## Task requirements
Retype, word for word, only the lines from the one containing "Podczas zabawy i" through the last line of the listing below. Pictures do not belong in the result.
Available data below:
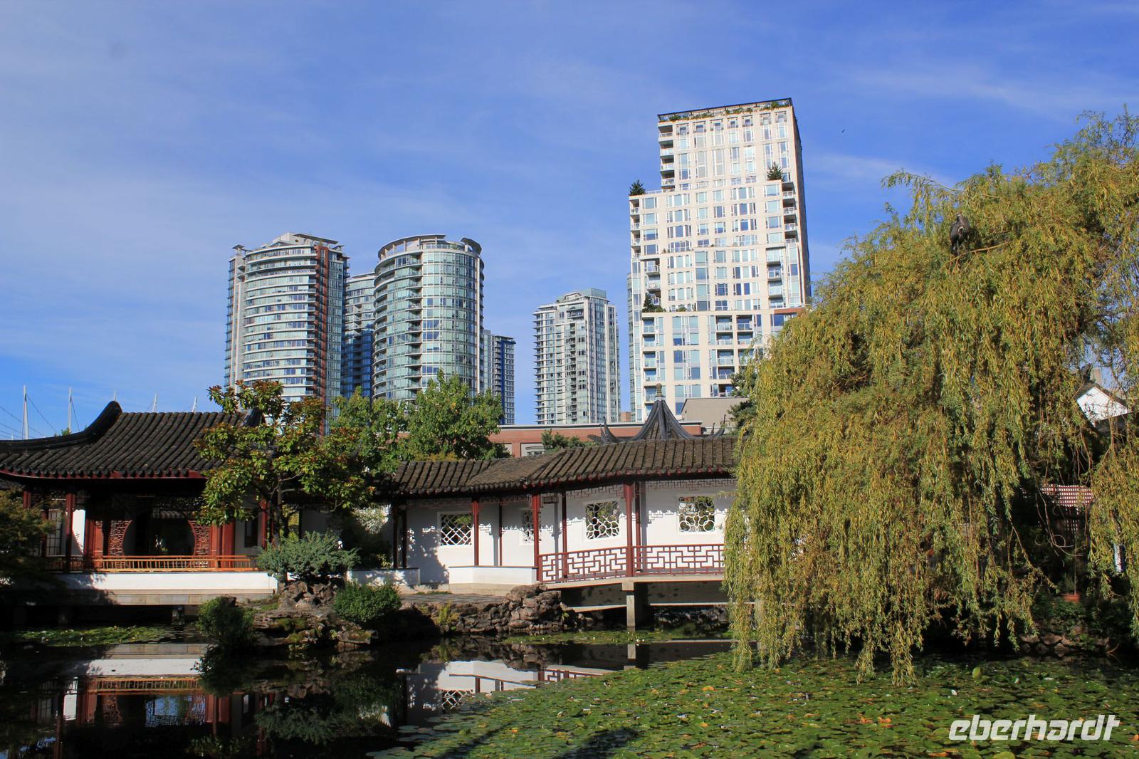 Das perfekte Wetter für eine Stadtrundfahrt erwartet uns heute Morgen! Mit dem Bus geht es zuerst in Richtung Chinatown, bei welchem es sich um eines der größten der Welt handelt. Fast die Hälfte der Bevölkerung in Vancouver ist asiatischer Abstammung und verleiht der Metropole ihr Multi-Kulti-Flair. Durch das Chinatown Gate hindurch gefahren, empfangen uns zahlreiche chinesische Bauelemente, rotgestrichene Häuserfronten sowie ein klassischer chinesischer Garten, den wir uns auch von innen anschauen. Der Dr. Sun Yat Sen Garten schließt sich an das chinesische Kulturzentrum an. Hier trifft asiatische Historie auf westliche Moderne. Die glitzernden Hochhausfassaden türmen über den kleinen Pavillons und dem mit Seerosen und Bambus gezierten Teich.
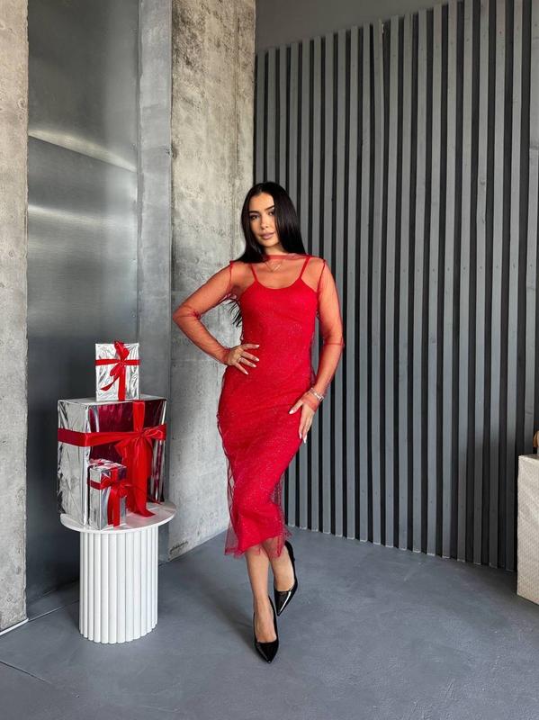 Сукня🥰 Мод: 1459-216 Розмір:42-44,46-48 Колір: чорний-бордо,червоний-червоний Тканина: віскоза та сітка блискітка Ціна- 769 грн🔥
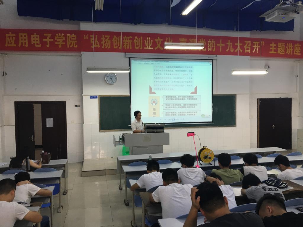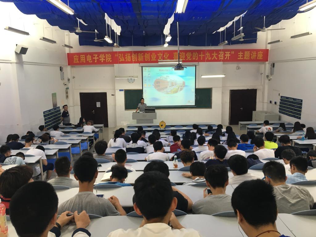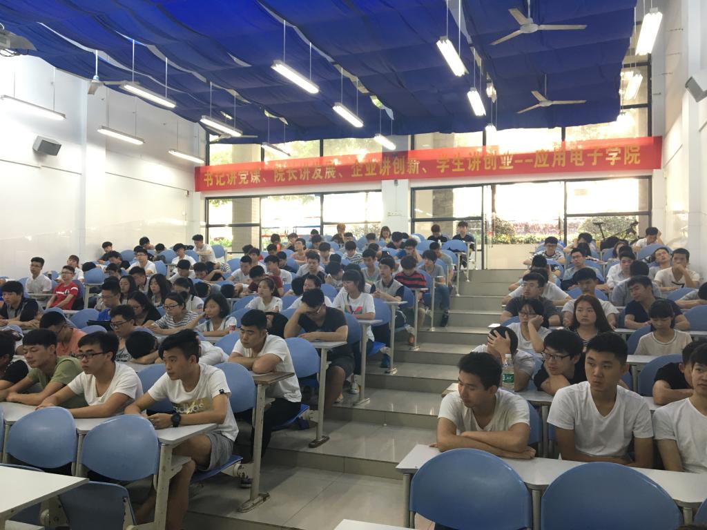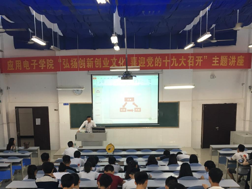 6月7日上午,应用电子学院“弘扬创新创业文化 喜迎党的十九大召开”主题讲座在南校区7-209教室举行。本次主题讲座由书记讲党课、院长讲发展、企业讲创新、学生讲创业四个部分组成。应用电子学院2015级、2016级学生代表参与本次主题讲座。
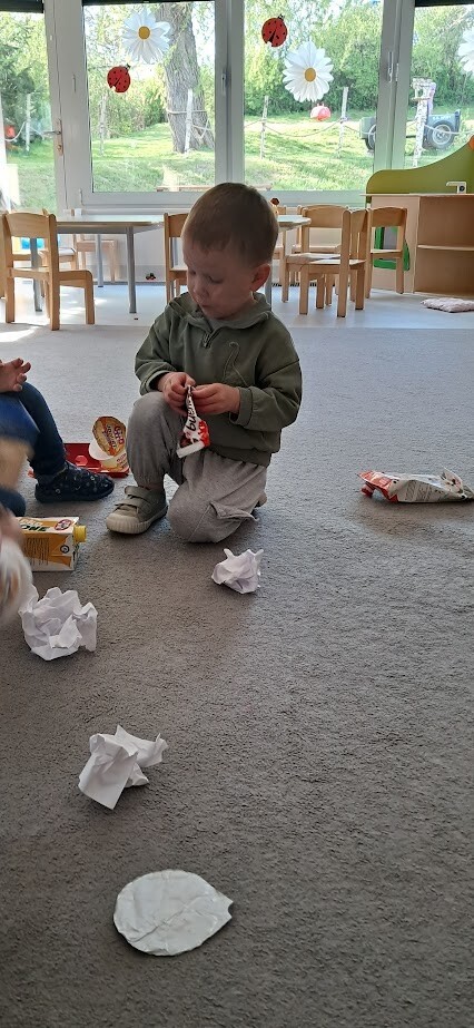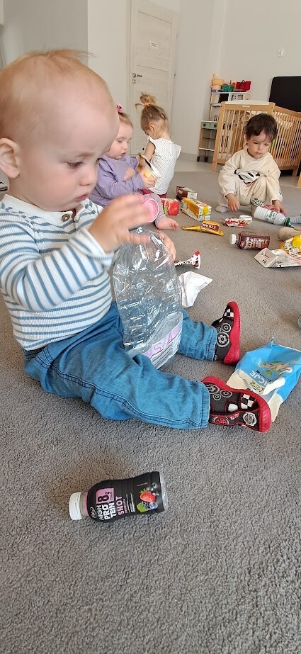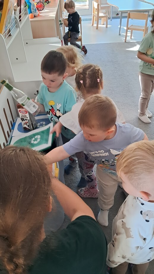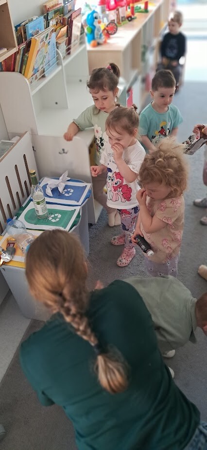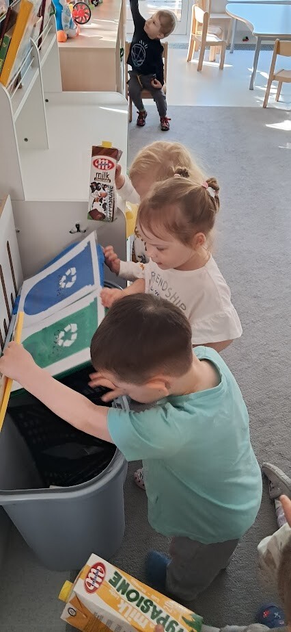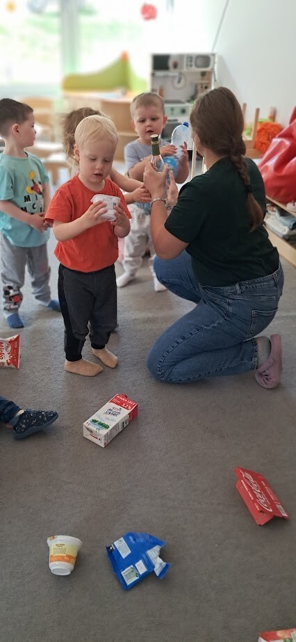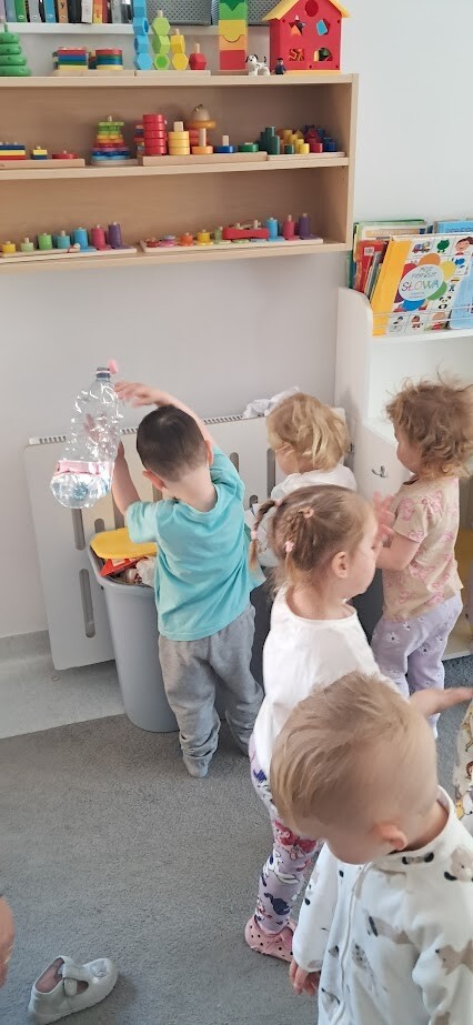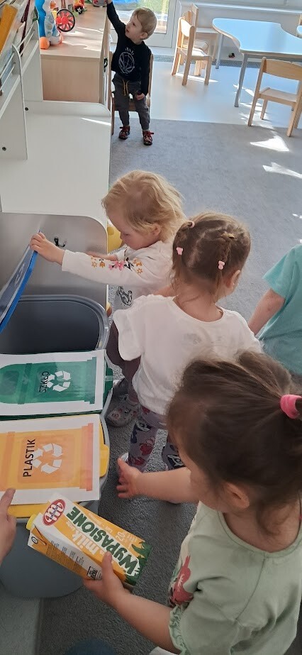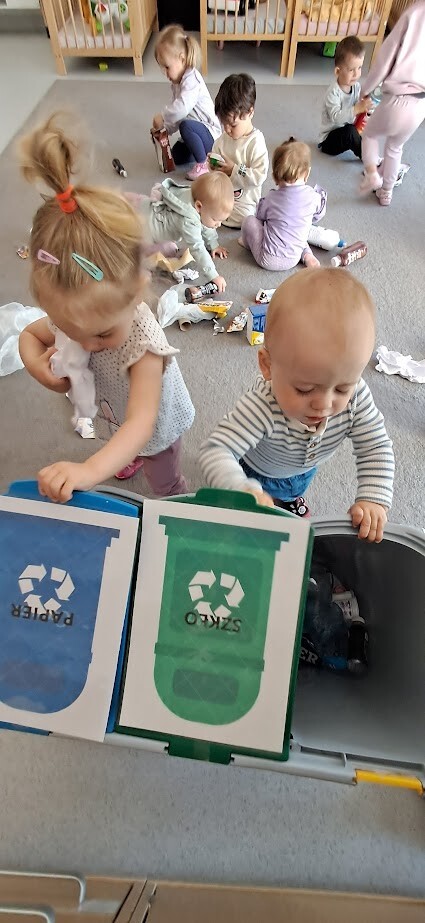 Podczas zabawy i prostych aktywności dzieci poznawały kolory pojemników, dowiadywały się, gdzie wrzucać papier, plastik, czy szkło. Z pomocą opiekunek segregowały odpady a przy okazji uczyły się szacunku do przyrody i odpowiedzialnych nawyków od najmłodszych lat.
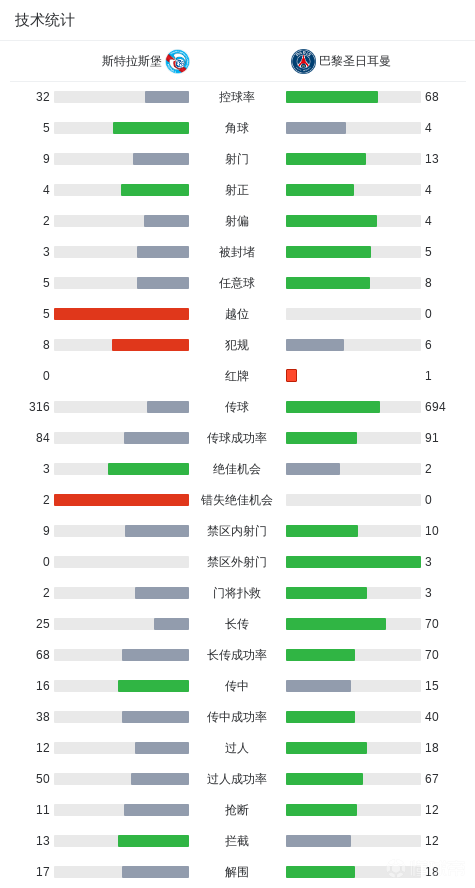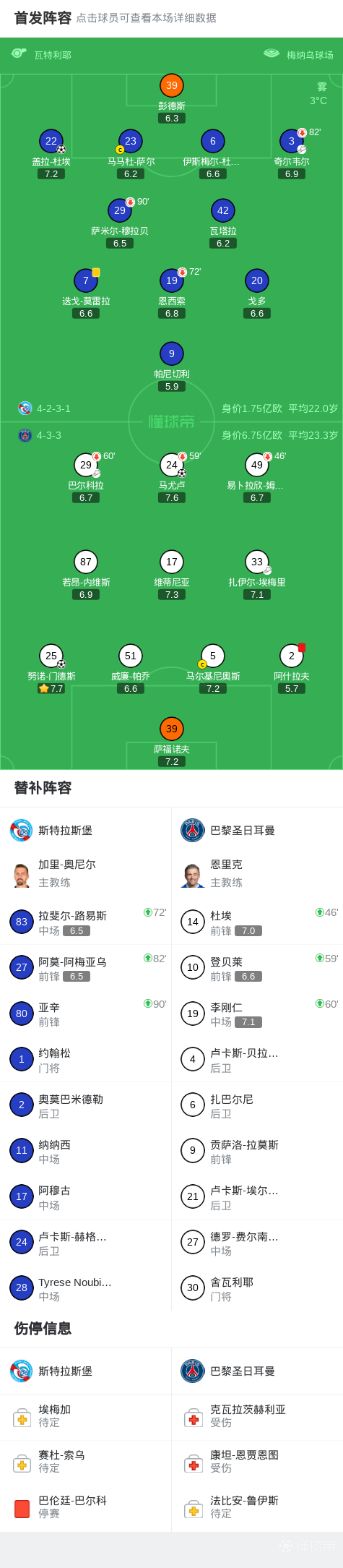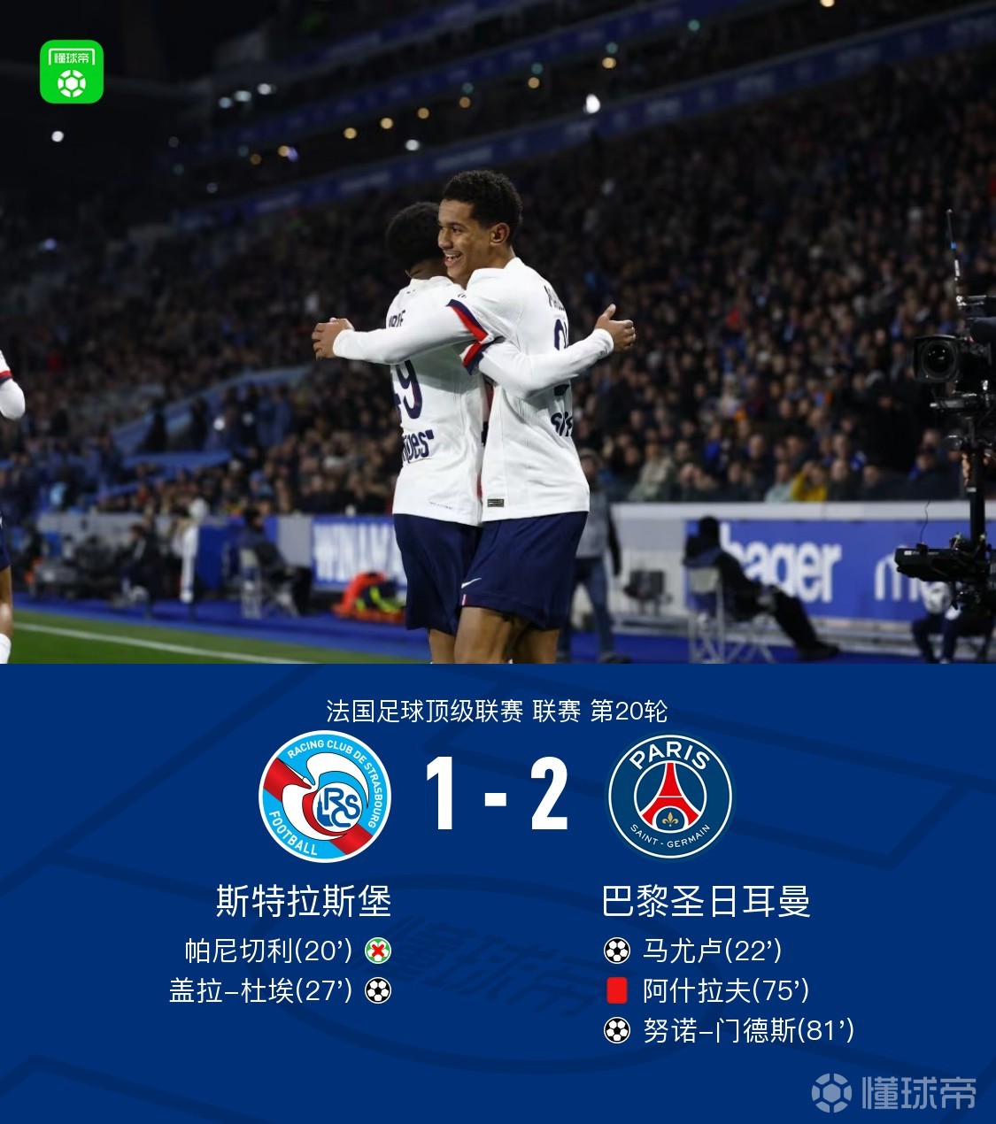 北京时间2月2日法国足球顶级联赛 联赛 第20轮,斯特拉斯堡主场对阵巴黎圣日耳曼。上半场帕尼切利点射被扑,马尤卢捡漏破门,盖拉-杜埃扳平比分,下半场阿什拉夫踩踏染红,门德斯头球建功。最终比分斯特拉斯堡 1-2 巴黎圣日耳曼。
End of Available data.
## Expected output
 Podczas zabawy i prostych aktywności dzieci poznawały kolory pojemników, dowiadywały się, gdzie wrzucać papier, plastik, czy szkło. Z pomocą opiekunek segregowały odpady a przy okazji uczyły się szacunku do przyrody i odpowiedzialnych nawyków od najmłodszych lat.
 北京时间2月2日法国足球顶级联赛 联赛 第20轮,斯特拉斯堡主场对阵巴黎圣日耳曼。上半场帕尼切利点射被扑,马尤卢捡漏破门,盖拉-杜埃扳平比分,下半场阿什拉夫踩踏染红,门德斯头球建功。最终比分斯特拉斯堡 1-2 巴黎圣日耳曼。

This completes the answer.